For my straight razors and kitchen knives I use the Norton waterstones.  For straight razors, the 4000 and 8000 grit followed by a short stint on an approximately 12000 grit ceramic stone.  For kitchen knives, I use the Norton 1000 and 4000 grit.  Prior to use all the waterstones go through a flattening process.

It does take a bit of practice and the procedure is different for both types of edges.  For one thing, the straight razors are much more delicate.

Rich


----------



## gennaroe (Mar 16, 2010)

Thanks for that thorough reply BDL.

You're right that the real issue here is sharpening. Given that, I think I'm going to defer buying a new knife, and instead invest in some water stones and begin practicing with my Forschner, so that by the time I'm ready to decide on a knife (I'm still oddly drawn to the LCB, though my reason is telling me that I really ought to spring for the Togaharu Inox) I actually know how to bring out its full potential.

Should I go for a combo of 1000/4000 grit stones? Would it make sense to get an 8000 grit to finish with as well, or is that overkill?

Edit: What about this?


----------



## boar_d_laze (Feb 13, 2008)

When it comes to clay binder stones, Norton betters King (except Ice Bear) for consistency, King is cheaper.  Otherwise they're much the same.  
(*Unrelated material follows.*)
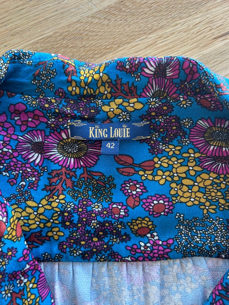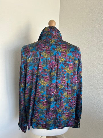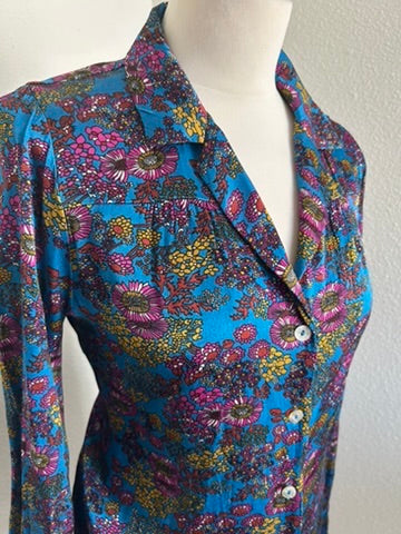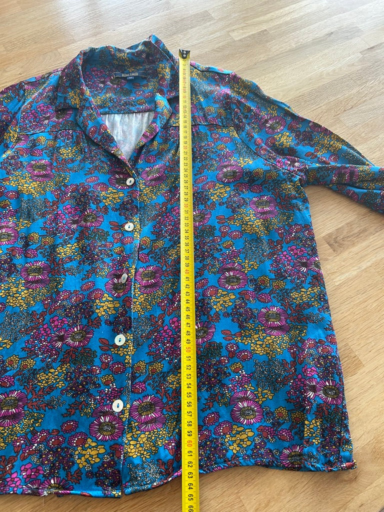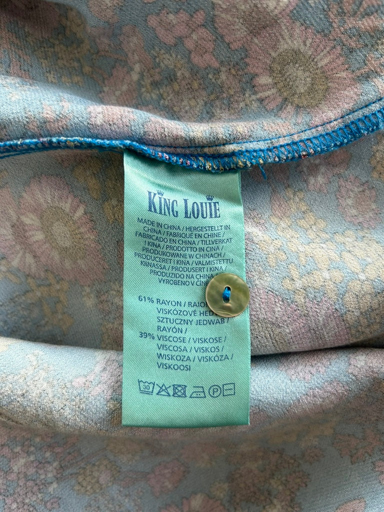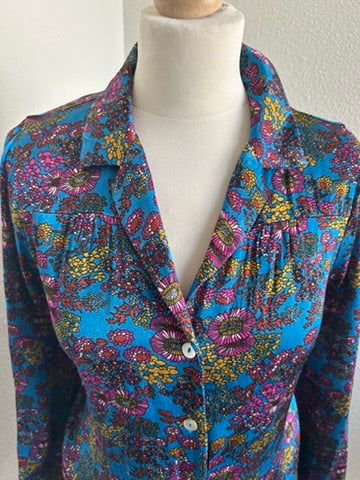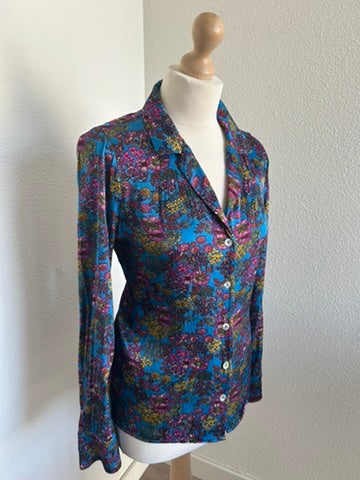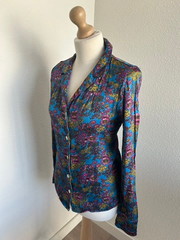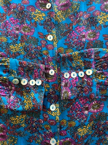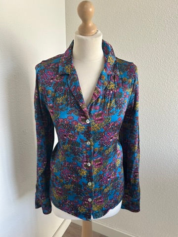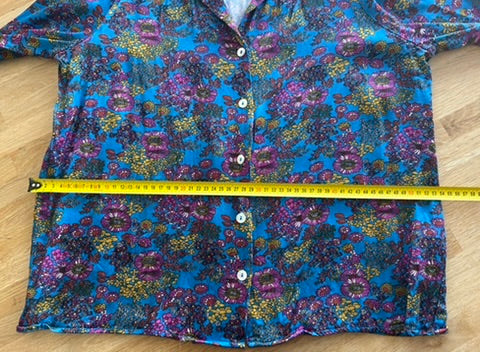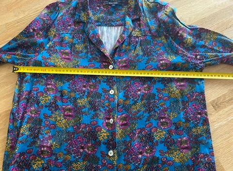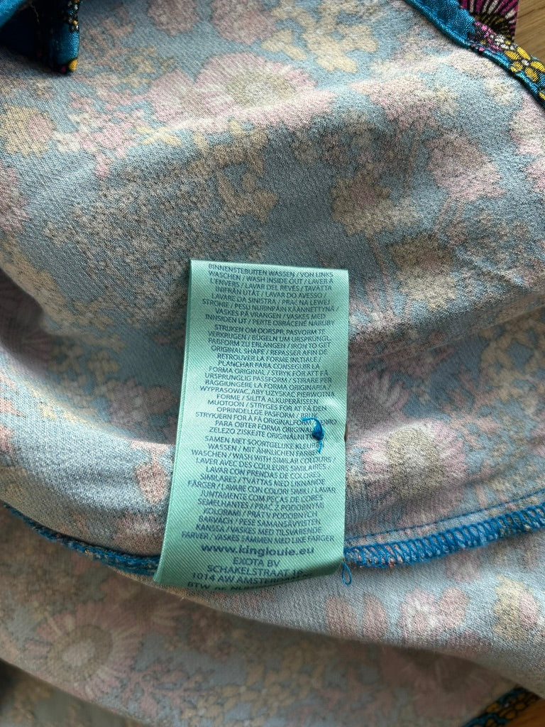 - Prachtige blauwe kleur met paarse mostergele en zwarte bloemen print

In the case of the particular kit -- the price is very good.  I like combination stones for beginners, partly for their price and partly because by the time the most used stone wears out (which will be the 1000#), sharpening skills are sufficiently developed for good stones.  For what it's worth, my first waterstones were Nortons.  

However, resin binder stones are faster and easier than clay binders -- and usually don't dish as quickly, thus needing less frequent flattening.
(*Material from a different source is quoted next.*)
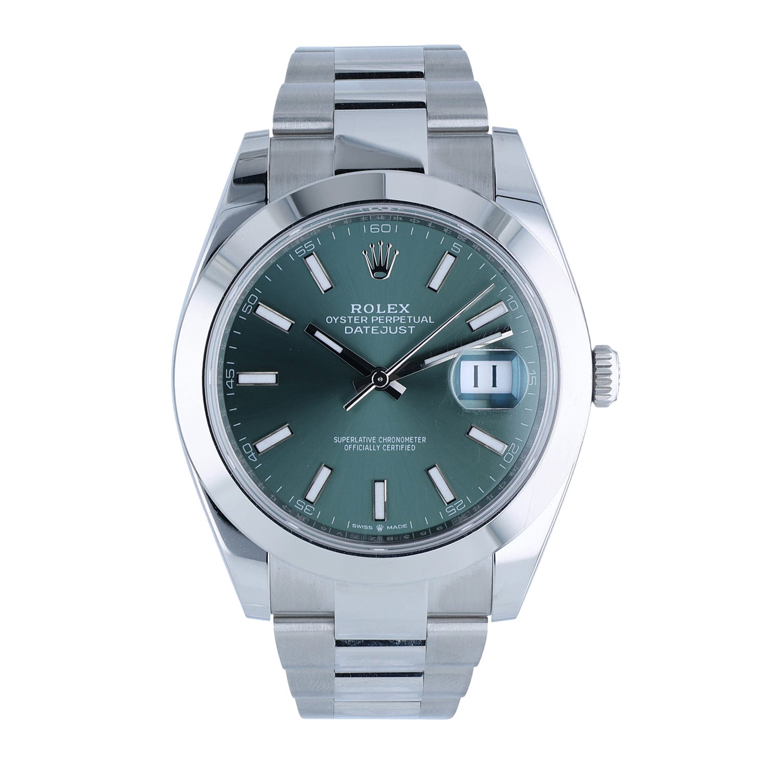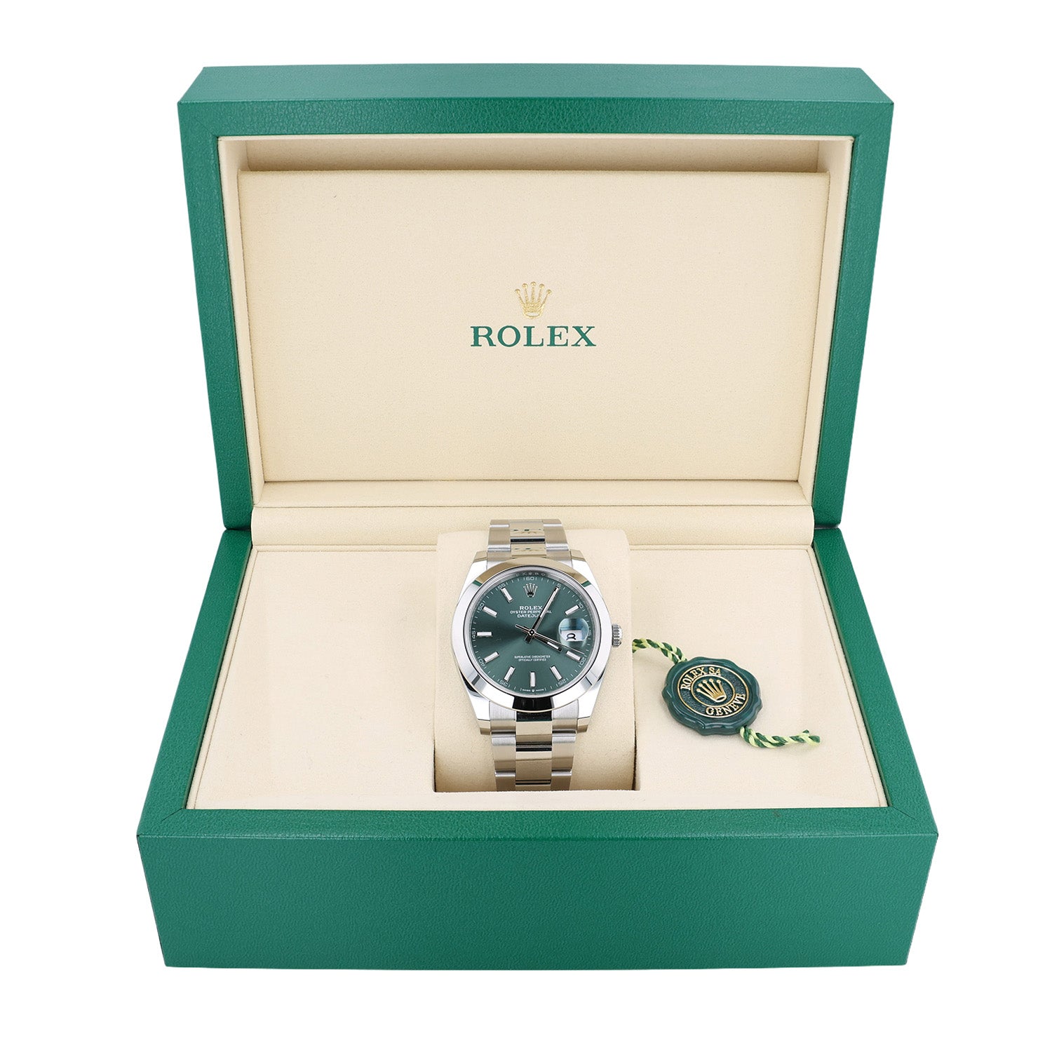 Pre-Owned Rolex 41mm Stainless Steel Datejust Green Stick Dial Oyster Bracelet

A set of three or four Naniwa 10mm Super Stones would be better in all those respects, but more expensive.  You'd be at the $150+ level for four stones.  On the other hand, anything more than 5000# or so is a total waste on a Forschner's X50CrMo15.  So, let's see, 400#, 1000#, 5000#, would run just under $110 with free shipping from Sharpening Supplies.  

One nice thing about the Naniwa SS series is that they're all "splash and go."  That means you just need to get them wet before sharpening.  The Nortons need to soak about 30 minutes before they're ready to use.    

Another nice thing about those particular Naniwa stones is that the 400# and 5000# stones fit your Forschner better than the 220# and 4000/8000.  Indeed, a 400# is a better fit in most culinary sets than a 220# which is generally more about woodworking.

If you went Naniwa,you could buy an inexpensive flattening stone for around $25, or flatten on dry wall screen -- about $15 for a two year supply.  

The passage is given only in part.